(Records excerpted from a collection)

<<<<

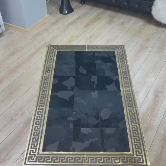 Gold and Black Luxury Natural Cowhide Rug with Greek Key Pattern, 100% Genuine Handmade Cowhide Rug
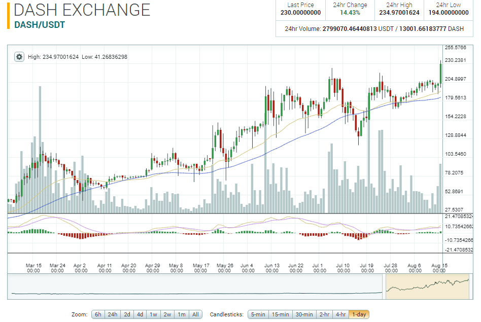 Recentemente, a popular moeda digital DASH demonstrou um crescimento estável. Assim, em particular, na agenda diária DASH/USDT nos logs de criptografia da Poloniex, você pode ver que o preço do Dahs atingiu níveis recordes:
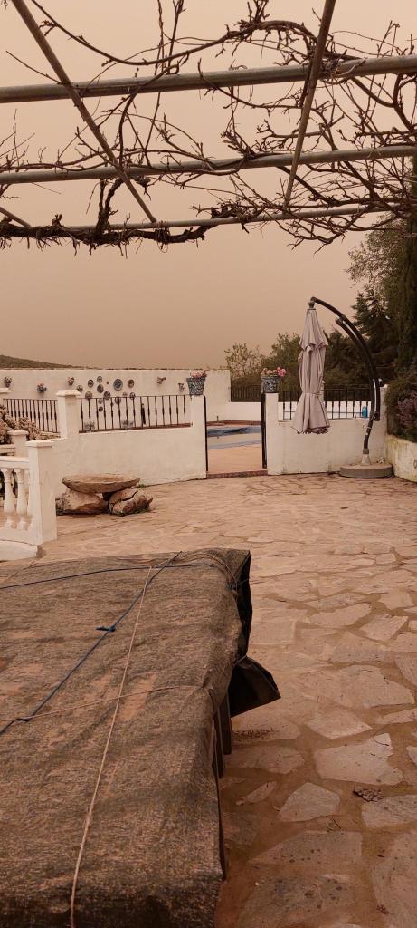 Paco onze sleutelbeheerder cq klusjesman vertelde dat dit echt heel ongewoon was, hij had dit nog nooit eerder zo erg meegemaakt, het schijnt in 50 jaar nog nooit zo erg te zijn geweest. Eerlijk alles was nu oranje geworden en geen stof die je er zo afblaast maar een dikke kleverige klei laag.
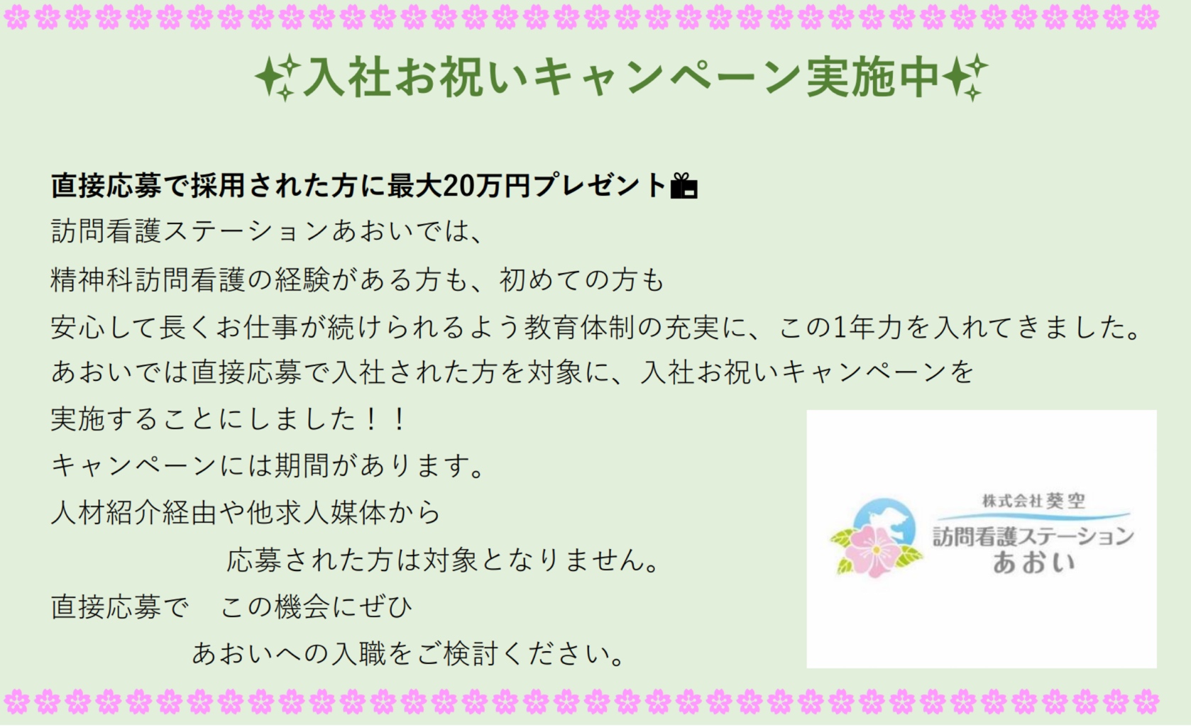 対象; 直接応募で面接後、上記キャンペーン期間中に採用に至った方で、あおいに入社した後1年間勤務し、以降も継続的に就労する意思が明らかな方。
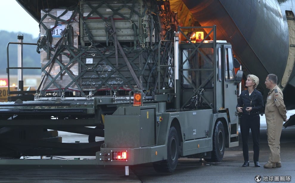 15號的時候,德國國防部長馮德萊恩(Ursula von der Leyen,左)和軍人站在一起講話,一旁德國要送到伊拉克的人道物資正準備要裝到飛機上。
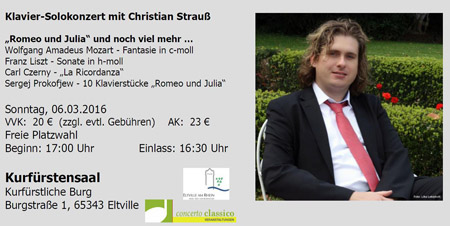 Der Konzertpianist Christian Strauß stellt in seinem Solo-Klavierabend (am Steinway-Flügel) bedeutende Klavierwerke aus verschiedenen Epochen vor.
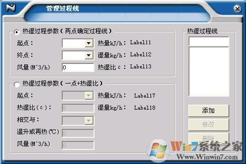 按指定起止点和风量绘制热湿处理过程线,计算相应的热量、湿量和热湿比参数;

>>>>

• **Aim of the exercise**
Your task is to reproduce the entries above word for word, from the first line through the line with "15號的時候,德國國防部長馮德萊恩(Ursula von der", and please leave out any pictures.

• **Your solution**
 Gold and Black Luxury Natural Cowhide Rug with Greek Key Pattern, 100% Genuine Handmade Cowhide Rug
 Recentemente, a popular moeda digital DASH demonstrou um crescimento estável. Assim, em particular, na agenda diária DASH/USDT nos logs de criptografia da Poloniex, você pode ver que o preço do Dahs atingiu níveis recordes:
 Paco onze sleutelbeheerder cq klusjesman vertelde dat dit echt heel ongewoon was, hij had dit nog nooit eerder zo erg meegemaakt, het schijnt in 50 jaar nog nooit zo erg te zijn geweest. Eerlijk alles was nu oranje geworden en geen stof die je er zo afblaast maar een dikke kleverige klei laag.
 対象; 直接応募で面接後、上記キャンペーン期間中に採用に至った方で、あおいに入社した後1年間勤務し、以降も継続的に就労する意思が明らかな方。
 15號的時候,德國國防部長馮德萊恩(Ursula von der Leyen,左)和軍人站在一起講話,一旁德國要送到伊拉克的人道物資正準備要裝到飛機上。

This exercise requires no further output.